Gruppenfoto der ukrainischen und deutschen Teilnehmenden der Studienreise

Mit Unterstützung der GIZ im Auftrag der Exportinitiative Umweltschutz wurde in der Ukraine der Abfallzweckverband EcoService 2022 von Kommunen in der Region Poltawa gegründet. Im Dezember 2023 fand eine Studienreise statt, in der das ukrainische Personal Einblicke in die deutsche Kreislaufwirtschaft erhielt.

Im Rahmen der vom Bundesministerium für Umwelt, Naturschutz, nukleare Sicherheit und Verbraucherschutz (BMUV) und Bundesministerium für wirtschaftliche Zusammenarbeit und Entwicklung (BMZ) geförderten Projektaktivitäten bekam eine ukrainische Delegation während einer vom Bergischen Abfallverband (BAV) organisierten Studienreise umfassende Einblicke in die deutsche Kreislaufwirtschaft. Ziel ist es, in der Ukraine eine geordnete Abfallwirtschaft als Grundlage für eine künftige Kreislaufwirtschaft aufzubauen.

Die BMUV Exportinitiative Umweltschutz (EXI) unterstützt vier Gemeinden in der ukrainischen Region Poltawa beim Aufbau einer funktionierenden Abfallwirtschaft. Ein wichtiger Ansatz ist dabei die interkommunale Zusammenarbeit. Die Gemeinden Hrebinka, Nowoorzhyzke, Pyrjatyn und Tschornuchy haben im November 2022 ein gemeinsames kommunales Unternehmen namens EcoService 2022 gegründet. Sie bündeln damit ihre Ressourcen und erhöhen Qualität und Wirtschaftlichkeit kommunaler Dienstleistungen. Die Kosten pro Tonne Abfall, die in einem regionalen System entsorgt werden, sind für alle teilnehmenden Einheiten niedriger als die Kosten, die jede Einheit für ihre eigenen Dienstleistungen aufwenden müsste.
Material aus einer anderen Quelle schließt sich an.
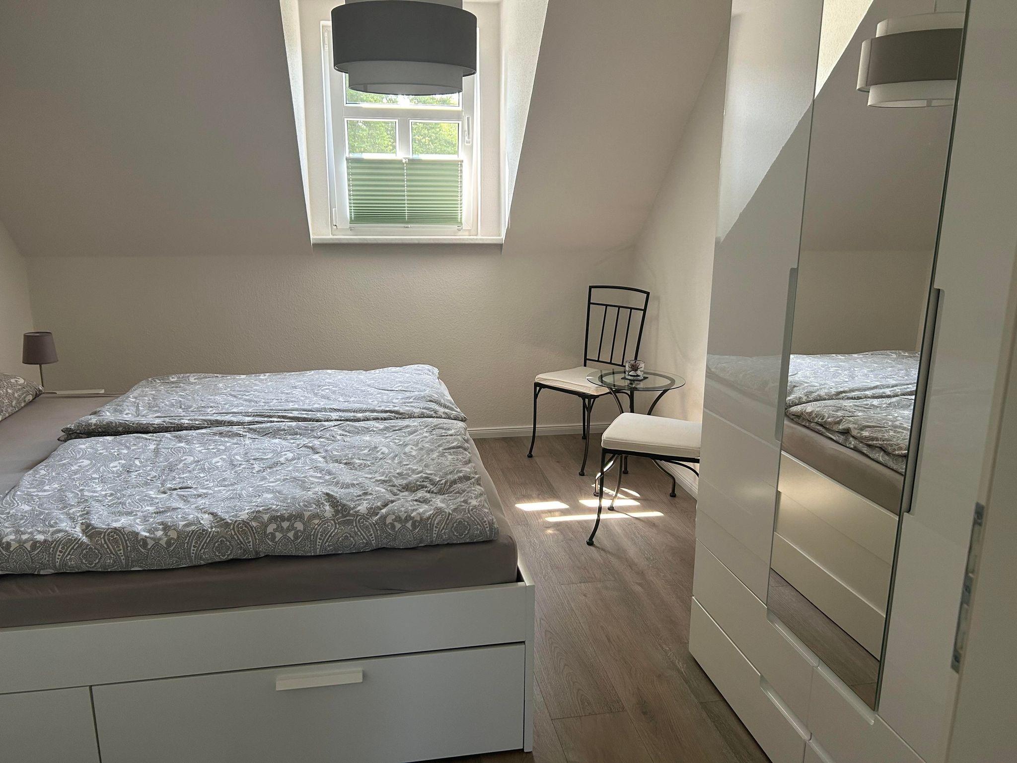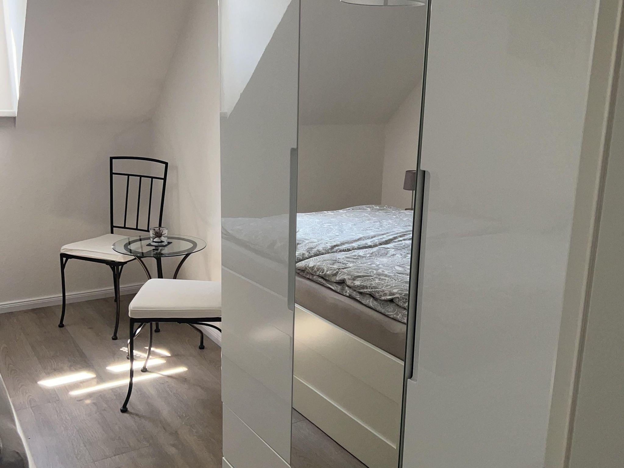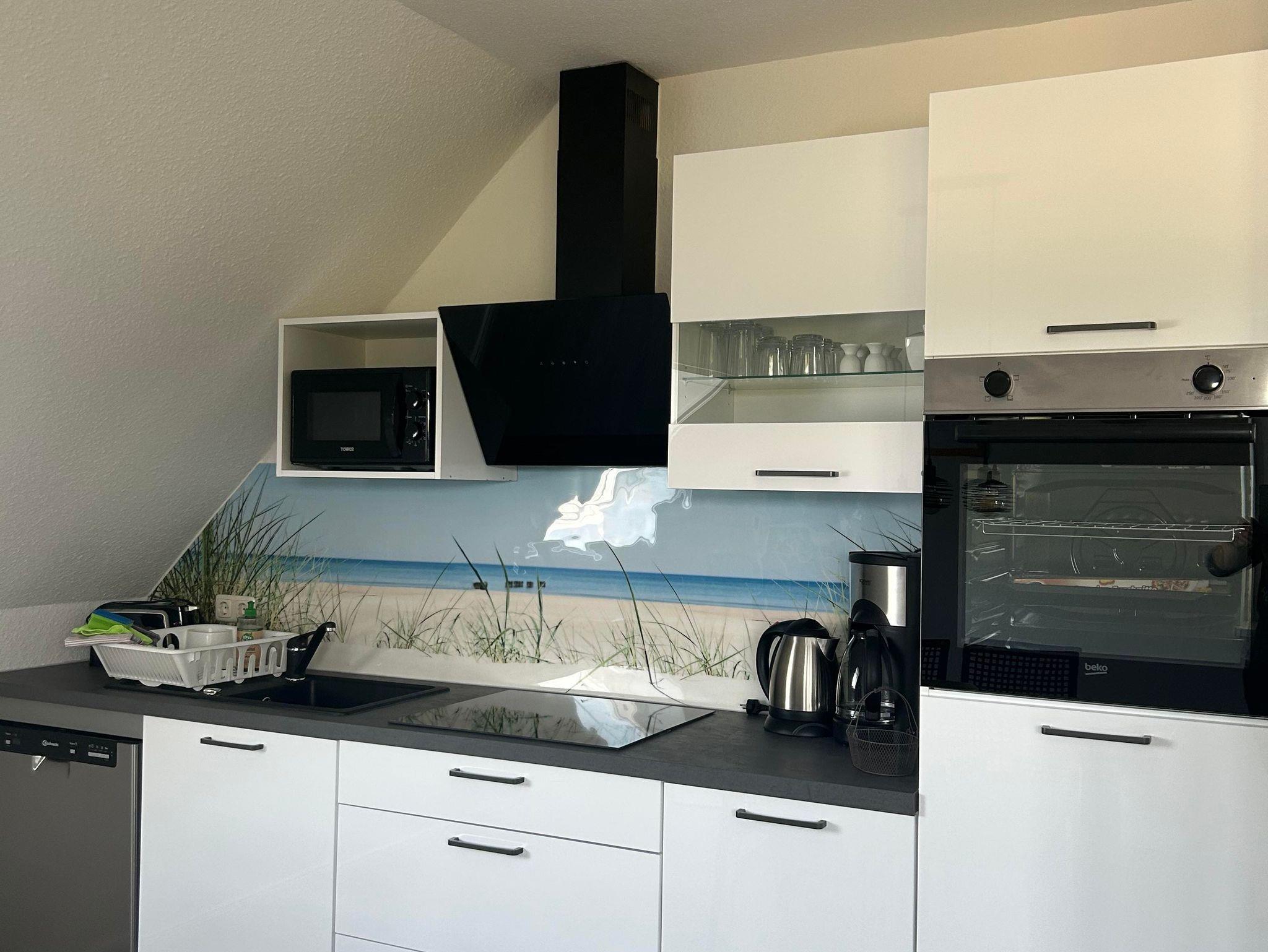 Die Wohnung befindet sich in der ersten Garage und verfügt über einen eigenen Stellplatz direkt vor der Tür. Sie bietet ein gemütliches Schlafzimmer mit Doppelbett und Kleiderschrank sowie einen Wohnbereich mit komfortablem Schlafsofa. Die offene Einbauküche ist komplett ausgestattet mit Kühlschrank, Mikrowelle, Backofen, Ceranfeld, Geschirrspüler, Kaffeemaschine, Toaster und Wasserkocher. Das moderne Tageslichtbad verfügt über eine Dusche, WC, Fön und Kosmetikspiegel. Bettwäsche und Handtücher sind inklusive.

Trotz des anhaltenden russischen Angriffskriegs nahm EcoService 2022 im Mai 2023 seine Tätigkeit auf und erhielt dafür im Vorfeld, mit Unterstützung der EXI, Ausrüstung aus Deutschland und der Ukraine.

Karte von Poltawa: Die Gemeinden Hrebinka, Nowoorzhyzke, Pyrjatyn und Tschornuchy liegen im Oblast Poltawa.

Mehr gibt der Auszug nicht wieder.